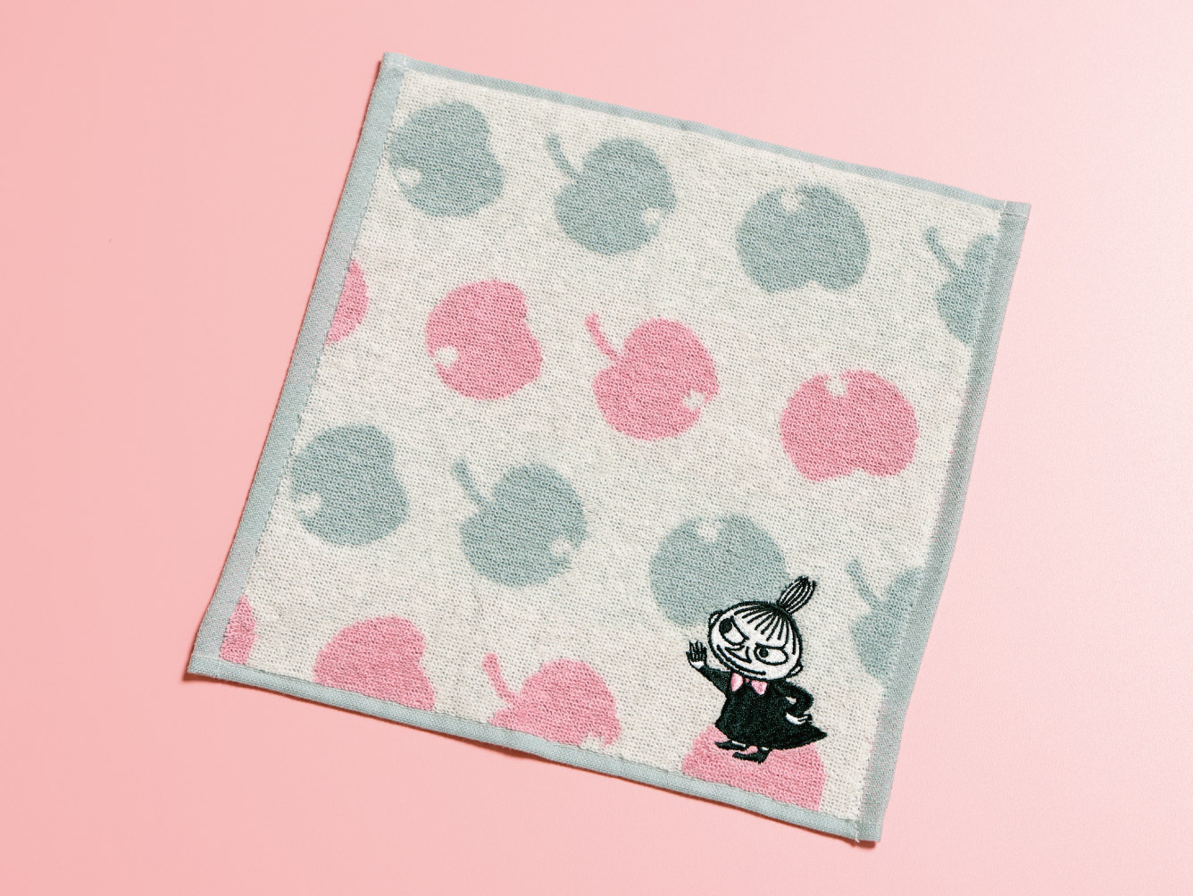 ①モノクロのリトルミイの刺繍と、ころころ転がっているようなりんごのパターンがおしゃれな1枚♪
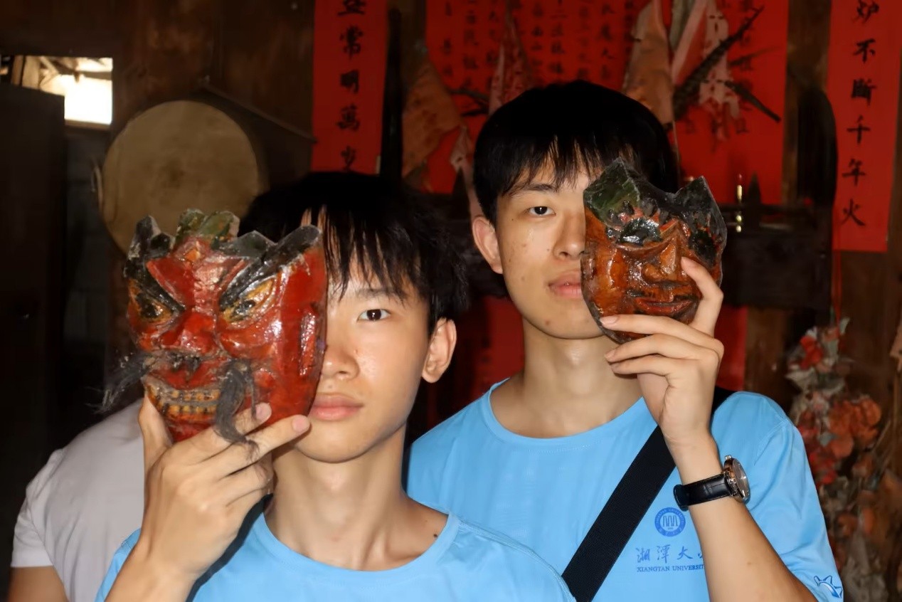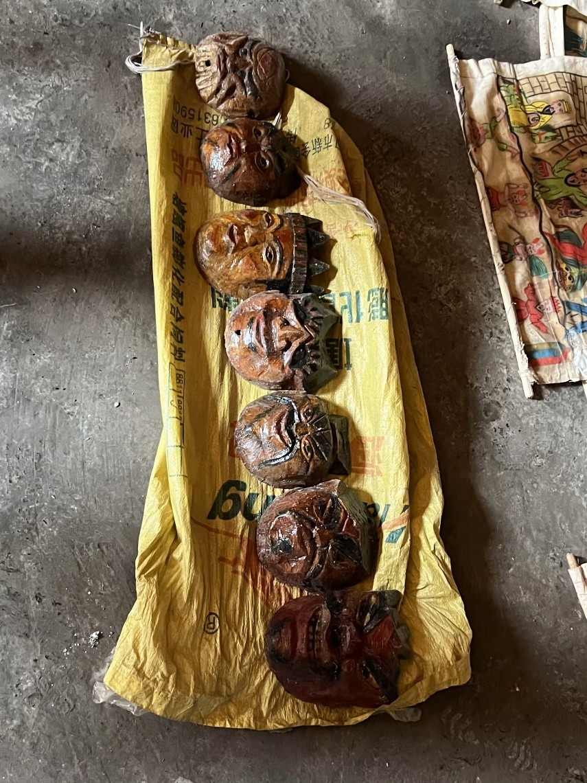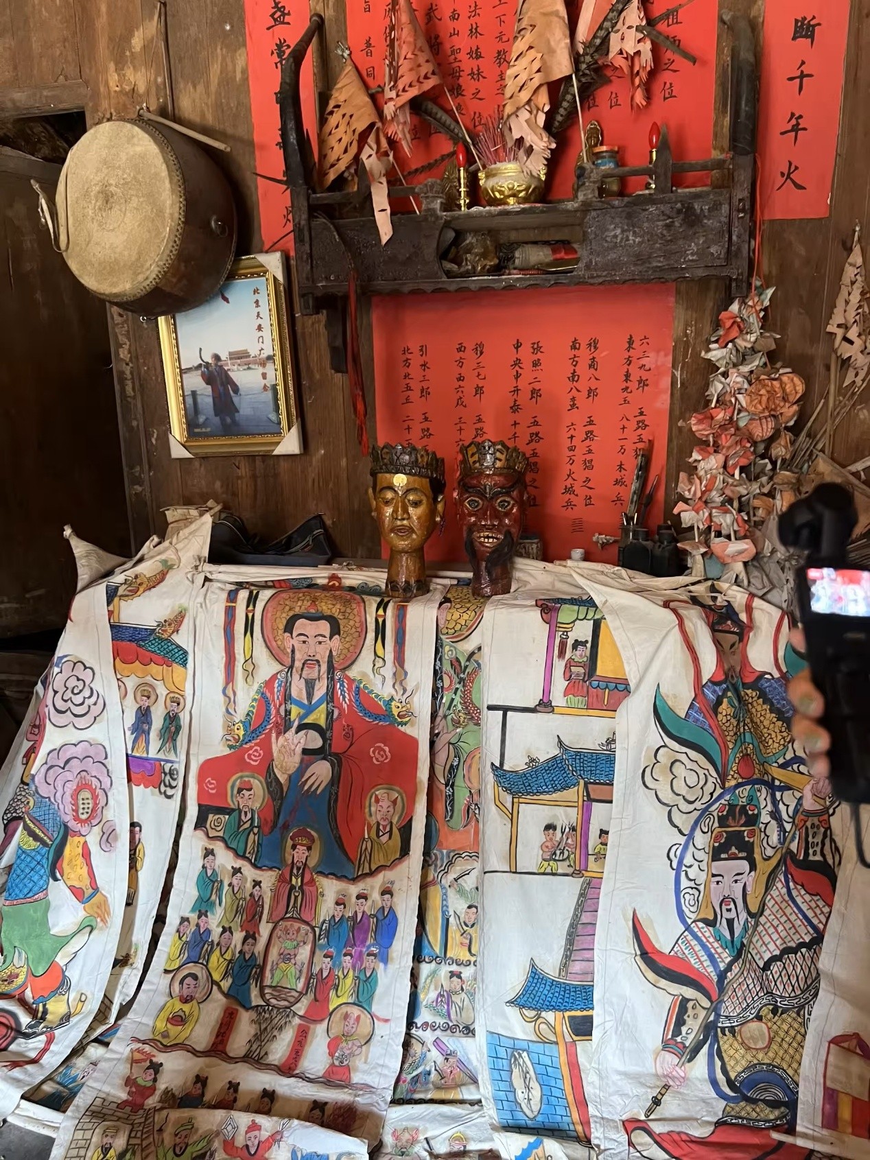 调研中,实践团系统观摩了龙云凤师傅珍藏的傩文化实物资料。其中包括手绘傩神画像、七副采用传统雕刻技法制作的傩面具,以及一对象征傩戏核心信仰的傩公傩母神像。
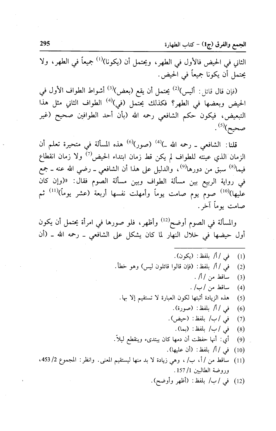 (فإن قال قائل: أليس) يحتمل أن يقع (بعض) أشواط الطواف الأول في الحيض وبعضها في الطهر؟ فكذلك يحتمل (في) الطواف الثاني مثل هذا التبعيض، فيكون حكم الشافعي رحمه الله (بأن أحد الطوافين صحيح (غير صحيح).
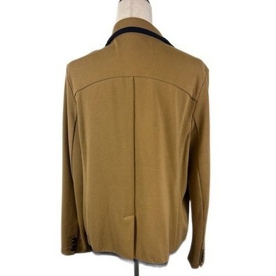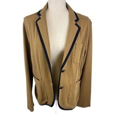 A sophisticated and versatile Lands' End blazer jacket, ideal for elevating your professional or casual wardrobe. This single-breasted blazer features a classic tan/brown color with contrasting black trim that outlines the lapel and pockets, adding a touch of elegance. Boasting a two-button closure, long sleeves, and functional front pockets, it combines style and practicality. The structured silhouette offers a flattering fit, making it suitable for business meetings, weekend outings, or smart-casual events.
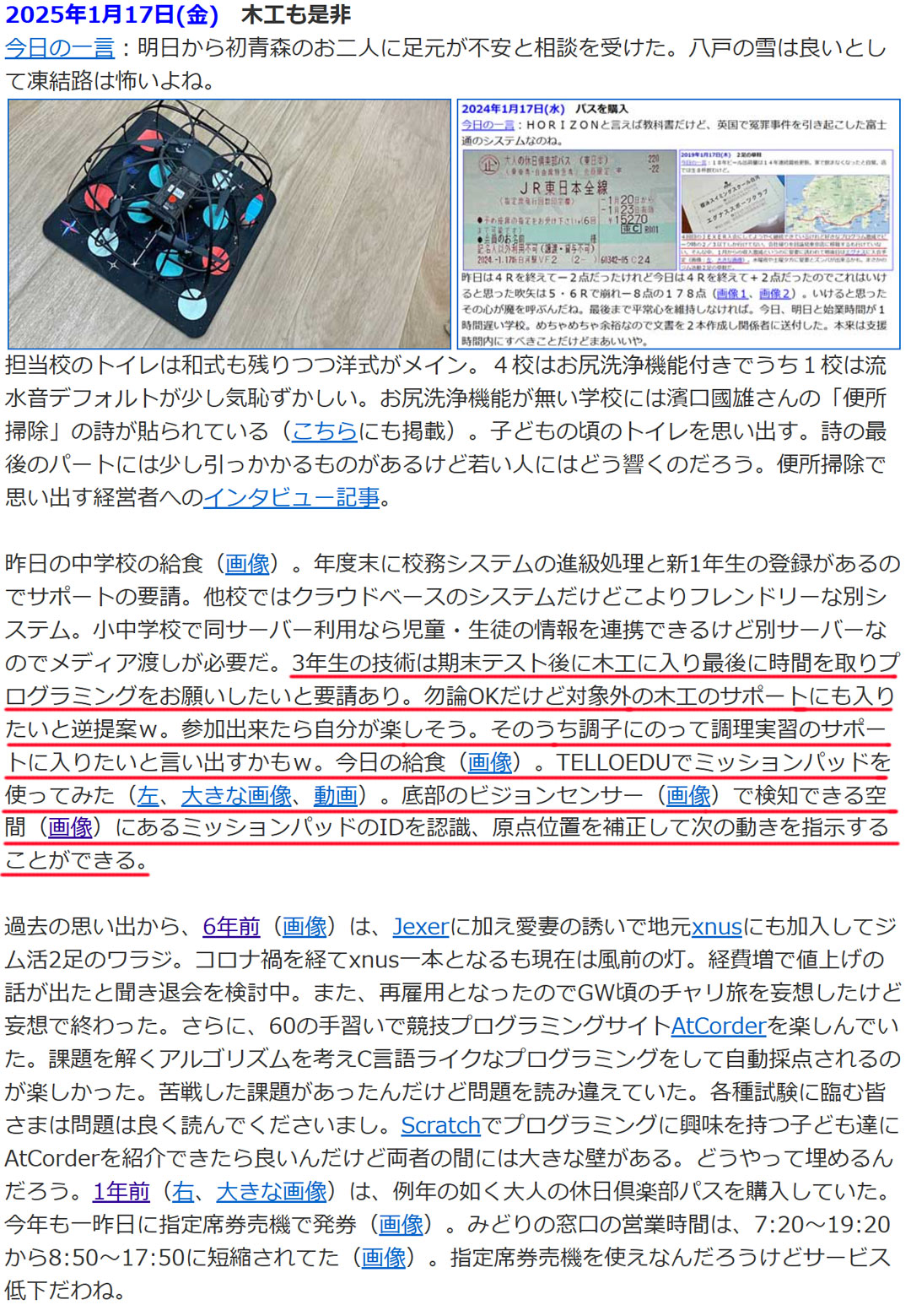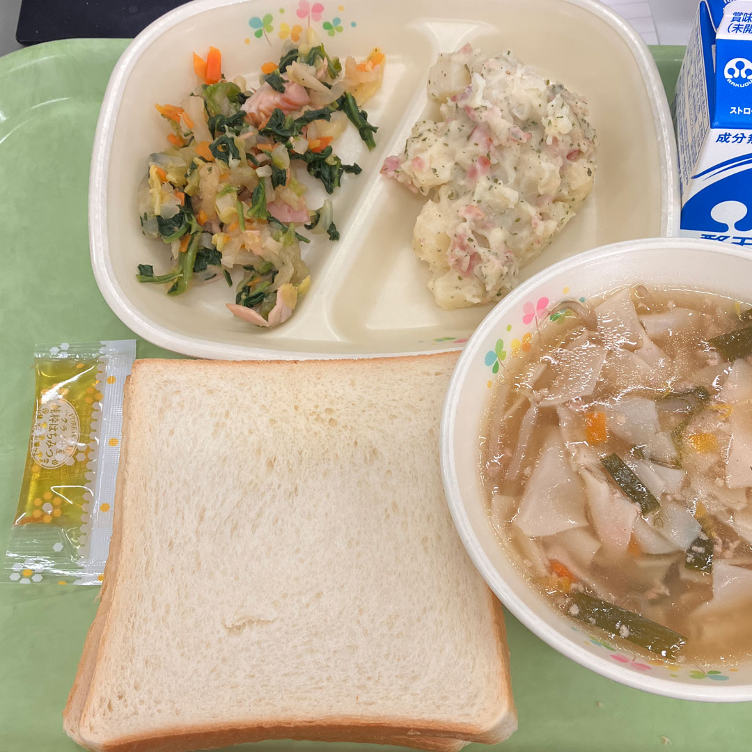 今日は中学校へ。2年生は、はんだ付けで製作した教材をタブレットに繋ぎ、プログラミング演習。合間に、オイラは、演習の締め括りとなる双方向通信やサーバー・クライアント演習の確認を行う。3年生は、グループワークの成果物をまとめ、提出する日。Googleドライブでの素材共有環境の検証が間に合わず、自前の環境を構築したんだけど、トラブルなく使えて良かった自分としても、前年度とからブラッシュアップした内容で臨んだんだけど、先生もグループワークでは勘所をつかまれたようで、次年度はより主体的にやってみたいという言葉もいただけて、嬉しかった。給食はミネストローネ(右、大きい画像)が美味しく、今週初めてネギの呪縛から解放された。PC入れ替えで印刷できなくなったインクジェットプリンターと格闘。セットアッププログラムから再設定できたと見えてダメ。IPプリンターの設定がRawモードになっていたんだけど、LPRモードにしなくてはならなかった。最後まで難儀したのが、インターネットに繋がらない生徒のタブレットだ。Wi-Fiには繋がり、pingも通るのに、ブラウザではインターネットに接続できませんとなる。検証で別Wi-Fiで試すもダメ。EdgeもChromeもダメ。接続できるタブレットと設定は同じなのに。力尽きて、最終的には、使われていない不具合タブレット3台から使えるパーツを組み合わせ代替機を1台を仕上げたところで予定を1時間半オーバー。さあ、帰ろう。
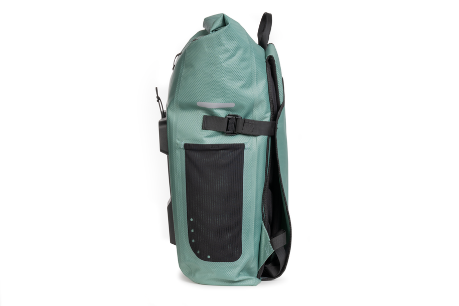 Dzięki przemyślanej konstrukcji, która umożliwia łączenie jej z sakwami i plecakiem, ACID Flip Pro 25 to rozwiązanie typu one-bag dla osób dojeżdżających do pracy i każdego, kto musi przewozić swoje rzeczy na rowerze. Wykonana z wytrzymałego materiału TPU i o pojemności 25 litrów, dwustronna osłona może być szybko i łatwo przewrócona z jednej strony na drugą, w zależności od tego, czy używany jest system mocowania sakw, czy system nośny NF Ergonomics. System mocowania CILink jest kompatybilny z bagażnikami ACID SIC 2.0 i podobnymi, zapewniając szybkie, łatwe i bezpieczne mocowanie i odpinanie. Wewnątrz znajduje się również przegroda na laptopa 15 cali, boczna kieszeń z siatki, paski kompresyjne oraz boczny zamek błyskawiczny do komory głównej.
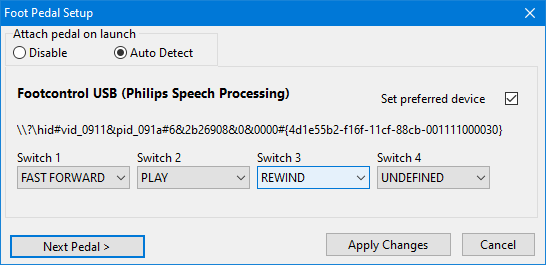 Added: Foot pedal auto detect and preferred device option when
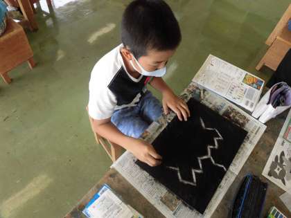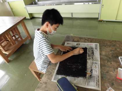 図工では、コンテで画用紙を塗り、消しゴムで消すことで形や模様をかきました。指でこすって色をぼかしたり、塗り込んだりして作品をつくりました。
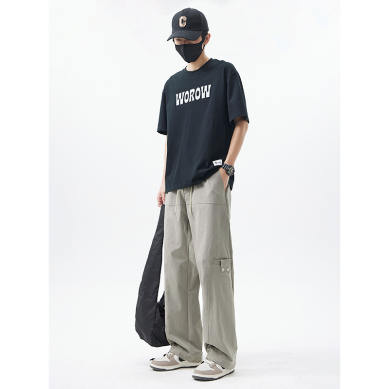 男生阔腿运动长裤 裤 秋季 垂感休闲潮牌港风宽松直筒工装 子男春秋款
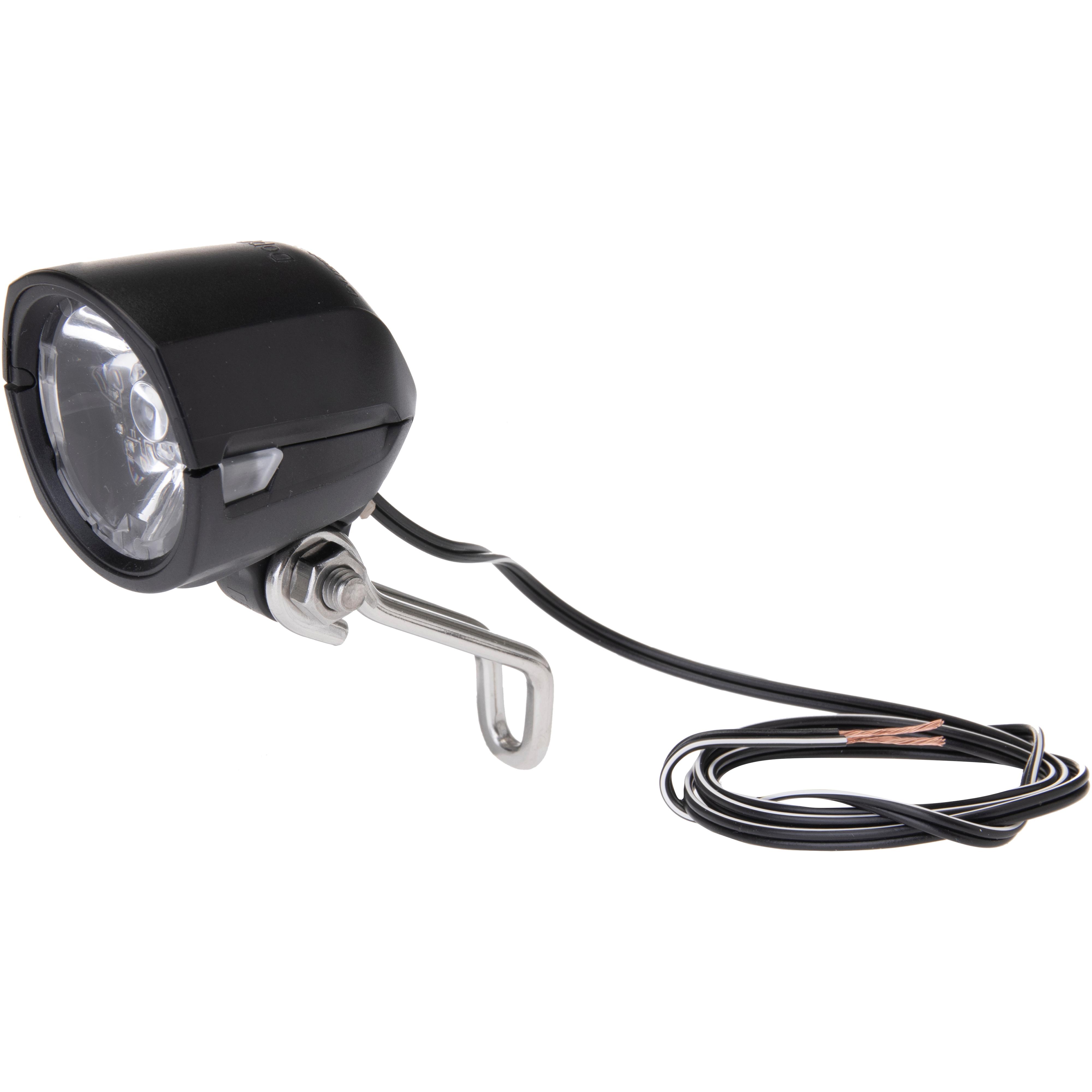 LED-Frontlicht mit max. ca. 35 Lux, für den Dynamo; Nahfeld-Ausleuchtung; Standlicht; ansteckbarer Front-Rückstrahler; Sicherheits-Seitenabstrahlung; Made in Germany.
__________________________________________________
WHAT TO DO → From the listing above, please give again the lines that begin with the line holding "调研中,实践团系统观摩了龙云" and go on through the line holding "(فإن قال قائل: أليس)", exactly, both ends included, minus any picture.

WRITTEN SOLUTION →
 调研中,实践团系统观摩了龙云凤师傅珍藏的傩文化实物资料。其中包括手绘傩神画像、七副采用传统雕刻技法制作的傩面具,以及一对象征傩戏核心信仰的傩公傩母神像。
 (فإن قال قائل: أليس) يحتمل أن يقع (بعض) أشواط الطواف الأول في الحيض وبعضها في الطهر؟ فكذلك يحتمل (في) الطواف الثاني مثل هذا التبعيض، فيكون حكم الشافعي رحمه الله (بأن أحد الطوافين صحيح (غير صحيح).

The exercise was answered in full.